Open subhrm opened 8 years ago
For some reason there is a complex number in your matrix. To fix the issue the NumPyEncoder
would need to be extended to handle complex numbers:
https://github.com/bmabey/pyLDAvis/blob/master/pyLDAvis/utils.py#L140-L146
I'm not sure what the best way to handle them would be though. My first thought was to only take the real part. So, we could either do that or you could do the same before sending it in to pyLDAvis.
@subhrm did you ever resolve your problem? If we think complex numbers are going to be a common issue I would merge in a PR that extends the encoder as mentioned above.
@bmabey No I have not been able to resolve it. Couple of my colleagues are also getting same error message with different corpus.
I am now trying to figure out a way to convert those complex numbers to real , by either dropping the imaginary part or calculating and keeping their magnitude .
But if you or any other contributor can do some change in pyLDAvis code base that smartly goes around this issue , it would be great !
Thanks, Subhendu
I ran into the JSON serializable problem when calling pyLDAvis.show()
- same issue with a failure in NumPyEncoder
.
I was able to control the problem based on how many topics (num_topics
) I used when creating the LDA model - gensim.models.ldamodel.LdaModel
. If I set the number of topics to 10 or more the problem occurred; 9 or fewer and it did not. Maybe this is based on the corpus I used.
I ended up modifying NumPyEncoder
to return abs() when it encountered a complex number. I'm not an expert on these codebases so I don't know what the side effects of this are, but the visualization was able to run after I did this.
And finally, pyLDAvis is a sweet, sweet module. Very useful.
I ran into the same issue. Editing pyLDAvis/utils.py
and adding
if np.iscomplexobj(obj):
return abs(obj)
to the ifs in NumPyEncoder, making it
class NumPyEncoder(json.JSONEncoder):
def default(self, obj):
if isinstance(obj, np.int64) or isinstance(obj, np.int32):
return int(obj)
if isinstance(obj, np.float64) or isinstance(obj, np.float32):
return float(obj)
if np.iscomplexobj(obj):
return abs(obj)
return json.JSONEncoder.default(self, obj)
solved the issue for me (or at least it will actually display something now).
Thanks @krageon and @bmabey . Editing utils.py in the way you mentioned works!
I changed the pyLDAvis/utils.py and included
class NumPyEncoder(json.JSONEncoder): def default(self, obj): if isinstance(obj, np.int64) or isinstance(obj, np.int32): return int(obj) if isinstance(obj, np.float64) or isinstance(obj, np.float32): return float(obj) if np.iscomplexobj(obj): return abs(obj) return json.JSONEncoder.default(self, obj)
I still get an error when I run the code on ipython notebook - TypeError: 0j is not JSON serializable
I think I originally divined what was going on by using a Python debugger (https://docs.python.org/3/library/pdb.html) and breaking in this function (on return json.JSONEncoder.default(self, obj)) - then you can perform some tests on the obj in question to see what it is that is in here - that should provide some insight in how to fix it.

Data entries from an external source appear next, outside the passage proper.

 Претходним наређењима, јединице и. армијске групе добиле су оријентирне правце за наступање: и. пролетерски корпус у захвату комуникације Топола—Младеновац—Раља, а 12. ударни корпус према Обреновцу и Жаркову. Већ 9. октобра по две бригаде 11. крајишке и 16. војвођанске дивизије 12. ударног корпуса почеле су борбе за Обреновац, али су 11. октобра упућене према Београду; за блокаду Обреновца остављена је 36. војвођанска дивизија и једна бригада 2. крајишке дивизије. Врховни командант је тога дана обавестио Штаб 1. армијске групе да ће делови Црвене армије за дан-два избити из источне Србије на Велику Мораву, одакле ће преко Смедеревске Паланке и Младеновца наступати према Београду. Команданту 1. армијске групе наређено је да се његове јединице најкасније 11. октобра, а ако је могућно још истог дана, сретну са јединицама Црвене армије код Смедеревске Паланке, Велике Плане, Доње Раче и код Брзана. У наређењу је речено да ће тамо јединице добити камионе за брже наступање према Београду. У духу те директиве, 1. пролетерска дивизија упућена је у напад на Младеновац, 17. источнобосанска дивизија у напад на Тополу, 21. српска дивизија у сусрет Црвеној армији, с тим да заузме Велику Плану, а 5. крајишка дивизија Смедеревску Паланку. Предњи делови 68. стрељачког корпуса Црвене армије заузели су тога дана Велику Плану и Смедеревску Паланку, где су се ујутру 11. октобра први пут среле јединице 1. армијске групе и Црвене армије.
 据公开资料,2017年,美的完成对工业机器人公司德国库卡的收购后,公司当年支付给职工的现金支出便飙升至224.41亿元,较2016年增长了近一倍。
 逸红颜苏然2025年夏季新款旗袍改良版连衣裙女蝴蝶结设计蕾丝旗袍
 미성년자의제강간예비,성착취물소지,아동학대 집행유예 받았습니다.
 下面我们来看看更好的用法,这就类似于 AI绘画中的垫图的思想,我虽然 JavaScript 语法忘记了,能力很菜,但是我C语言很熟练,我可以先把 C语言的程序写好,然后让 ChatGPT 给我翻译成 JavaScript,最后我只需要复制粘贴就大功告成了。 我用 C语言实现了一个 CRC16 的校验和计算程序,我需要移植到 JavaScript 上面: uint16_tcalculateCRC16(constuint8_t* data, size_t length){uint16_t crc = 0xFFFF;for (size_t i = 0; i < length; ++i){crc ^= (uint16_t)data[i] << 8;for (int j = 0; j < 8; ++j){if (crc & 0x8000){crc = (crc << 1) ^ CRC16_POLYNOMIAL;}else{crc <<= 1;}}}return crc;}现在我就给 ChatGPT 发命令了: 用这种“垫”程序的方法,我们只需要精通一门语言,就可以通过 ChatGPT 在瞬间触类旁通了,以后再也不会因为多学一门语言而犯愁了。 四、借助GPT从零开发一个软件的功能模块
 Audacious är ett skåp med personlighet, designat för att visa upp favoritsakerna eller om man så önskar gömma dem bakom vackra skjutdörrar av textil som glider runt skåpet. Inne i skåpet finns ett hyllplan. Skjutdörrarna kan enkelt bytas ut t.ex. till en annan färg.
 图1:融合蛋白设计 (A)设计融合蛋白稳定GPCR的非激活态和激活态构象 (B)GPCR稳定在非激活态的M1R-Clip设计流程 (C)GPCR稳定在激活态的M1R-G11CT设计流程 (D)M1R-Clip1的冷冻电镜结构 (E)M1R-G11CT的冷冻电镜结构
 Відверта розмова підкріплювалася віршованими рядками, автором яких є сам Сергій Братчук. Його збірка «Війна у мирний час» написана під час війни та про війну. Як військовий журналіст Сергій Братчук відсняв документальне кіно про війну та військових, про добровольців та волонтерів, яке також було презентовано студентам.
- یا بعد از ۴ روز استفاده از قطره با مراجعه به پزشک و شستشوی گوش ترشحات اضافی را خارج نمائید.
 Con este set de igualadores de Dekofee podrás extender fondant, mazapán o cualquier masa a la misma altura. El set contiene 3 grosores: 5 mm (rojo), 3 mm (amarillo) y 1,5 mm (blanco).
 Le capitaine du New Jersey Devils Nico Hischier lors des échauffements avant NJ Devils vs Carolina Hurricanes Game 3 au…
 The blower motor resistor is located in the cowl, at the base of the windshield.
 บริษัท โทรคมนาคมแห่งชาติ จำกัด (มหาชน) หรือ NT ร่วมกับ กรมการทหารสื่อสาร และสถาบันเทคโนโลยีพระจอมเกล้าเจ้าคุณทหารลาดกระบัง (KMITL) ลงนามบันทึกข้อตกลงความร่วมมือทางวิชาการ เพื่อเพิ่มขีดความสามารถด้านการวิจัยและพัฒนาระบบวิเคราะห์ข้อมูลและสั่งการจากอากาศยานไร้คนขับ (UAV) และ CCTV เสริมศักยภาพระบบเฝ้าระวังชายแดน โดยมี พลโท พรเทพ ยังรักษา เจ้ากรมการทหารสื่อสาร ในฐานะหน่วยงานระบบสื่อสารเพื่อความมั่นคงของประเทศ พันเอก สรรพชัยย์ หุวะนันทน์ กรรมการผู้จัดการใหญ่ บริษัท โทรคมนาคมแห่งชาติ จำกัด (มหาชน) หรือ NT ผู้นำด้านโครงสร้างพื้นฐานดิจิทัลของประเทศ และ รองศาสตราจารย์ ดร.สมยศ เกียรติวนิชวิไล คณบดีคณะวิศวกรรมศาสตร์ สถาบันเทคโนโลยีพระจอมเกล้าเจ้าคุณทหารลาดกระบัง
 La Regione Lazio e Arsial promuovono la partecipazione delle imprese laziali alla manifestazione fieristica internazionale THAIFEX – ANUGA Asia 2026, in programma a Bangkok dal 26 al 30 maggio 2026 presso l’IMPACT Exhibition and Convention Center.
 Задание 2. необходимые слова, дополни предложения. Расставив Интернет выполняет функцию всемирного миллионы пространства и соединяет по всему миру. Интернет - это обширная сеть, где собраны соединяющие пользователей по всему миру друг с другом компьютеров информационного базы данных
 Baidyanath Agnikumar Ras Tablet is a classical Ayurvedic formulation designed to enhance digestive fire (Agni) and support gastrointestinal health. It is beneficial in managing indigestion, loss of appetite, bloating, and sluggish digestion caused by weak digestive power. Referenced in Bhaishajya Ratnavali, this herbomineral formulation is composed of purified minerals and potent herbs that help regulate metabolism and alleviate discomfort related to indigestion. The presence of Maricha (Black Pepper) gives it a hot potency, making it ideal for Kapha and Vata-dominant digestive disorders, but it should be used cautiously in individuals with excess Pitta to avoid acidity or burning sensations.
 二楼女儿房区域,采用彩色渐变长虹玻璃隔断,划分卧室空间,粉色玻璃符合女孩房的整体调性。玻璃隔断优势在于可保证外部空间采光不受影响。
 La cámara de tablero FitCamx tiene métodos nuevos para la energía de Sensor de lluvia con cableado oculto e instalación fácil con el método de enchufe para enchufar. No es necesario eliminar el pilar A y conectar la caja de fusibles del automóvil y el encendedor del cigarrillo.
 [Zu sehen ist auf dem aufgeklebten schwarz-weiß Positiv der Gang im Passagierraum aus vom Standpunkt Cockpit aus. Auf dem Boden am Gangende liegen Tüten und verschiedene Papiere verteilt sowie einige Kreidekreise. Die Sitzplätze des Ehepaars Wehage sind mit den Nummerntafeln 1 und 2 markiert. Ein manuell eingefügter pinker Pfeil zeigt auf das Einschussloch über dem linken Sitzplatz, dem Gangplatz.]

Can you help me out I am still struggling with this error and I am not able to get able visualizations results of my LDA analysis.
Did you follow the steps I outlined in my last post? I might be able to tell you something about what's going on with that information.
It appears that enough people are running into this so we should merge a fix into the library. Will someone send me a PR with a fix that worked for them?
If the proposed change (taking the absolute value of an imaginary number in case an imaginary number hits that function) doesn't misrepresent the data horrifically, I think that can be arranged.
I can't really answer that question since I've never ran into a case where this was required. Do you have any idea why imaginary numbers are being used in the first place?
I think there was an sqrt somewhere, and the number is negative. Why all that is happening isn't something I'm comfortable answering - it's been a very long time since math class. I seem to recall this problem occurred when I had my topics set to a high number (say, 150-ish) and tried to visualise.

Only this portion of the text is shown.